Defined Contribution

Pensions professionals from across the industry are split on the effectiveness of the Department of Work and Pensions' (DWP) television advertising campaign.

AE advert screengrab 200912

The £3.5m adverts, which aired for the first time this week, are part of a wider media push that sees the DWP use newspaper, radio, and poster advertising to make more employees aware of the impending start of auto-enrolment.

Pensions minister Steve Webb praised the advert when he spoke at PW’s Pensions Leadership Summit last week.

The DWP has put these people in as trusted voices, yet the first person you see in the video can’t seem to make her mind up about whether she’s in or out.

He said: “When I met employees to test this advert out, they said, ‘this makes us feel good about auto-enrolment; at least it’s some positivity about it’.”

The National Association of Pension Funds also expressed its support for the adverts’ clarity.

Chief executive Joanne Segars said: “It can be tough to talk about pensions and ‘automatic enrolment’ is hardly something that trips off the tongue – it’s great to see the government getting the basic messages out on this landmark reform and I liked the way the ad mixed in a few famous business faces.”

But the campaign was criticised by Kevin Shilling, director of Shilling Communcation.

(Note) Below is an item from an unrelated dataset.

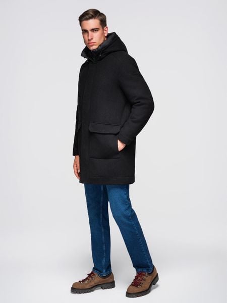 Płaszcz męski parka z wełną i kapturem – czarny V1 – Rozmiar: XXL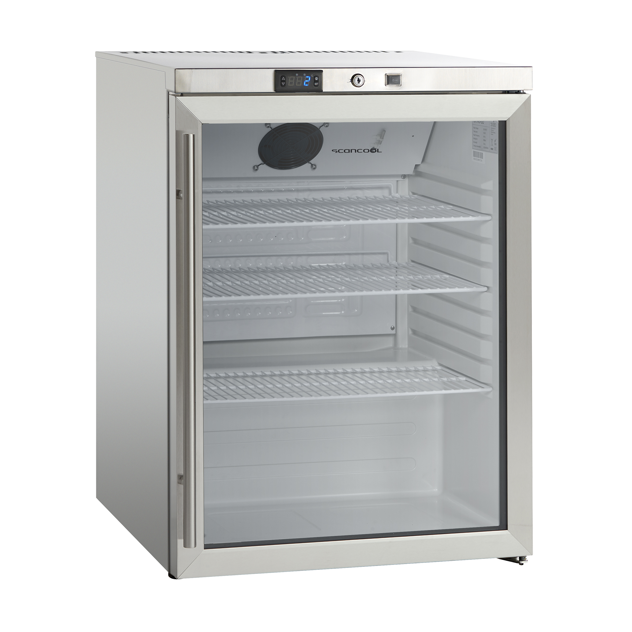 SK 145 GDE is a 1-door storage refrigerator, with stainless steel cabinet and glass door of 145 net liters.

He said: “As someone who said of pensions ‘I don’t have one – I think life’s too short and it would be another thing to worry about’, the choice of Karren Brady to front the campaign is an odd one.

“The DWP has put these people in as trusted voices, yet the first person you see in the video can’t seem to make her mind up about whether she’s in or out.”

Shilling said the advert appeared to have been produced by a team with no knowledge of pensions or of the new legislation.

“It is misleading. Workplace pensions is a great opportunity to set out the facts about pensions but the government has gone for the easy option – as they did with stakeholder pensions – of misleading the public.”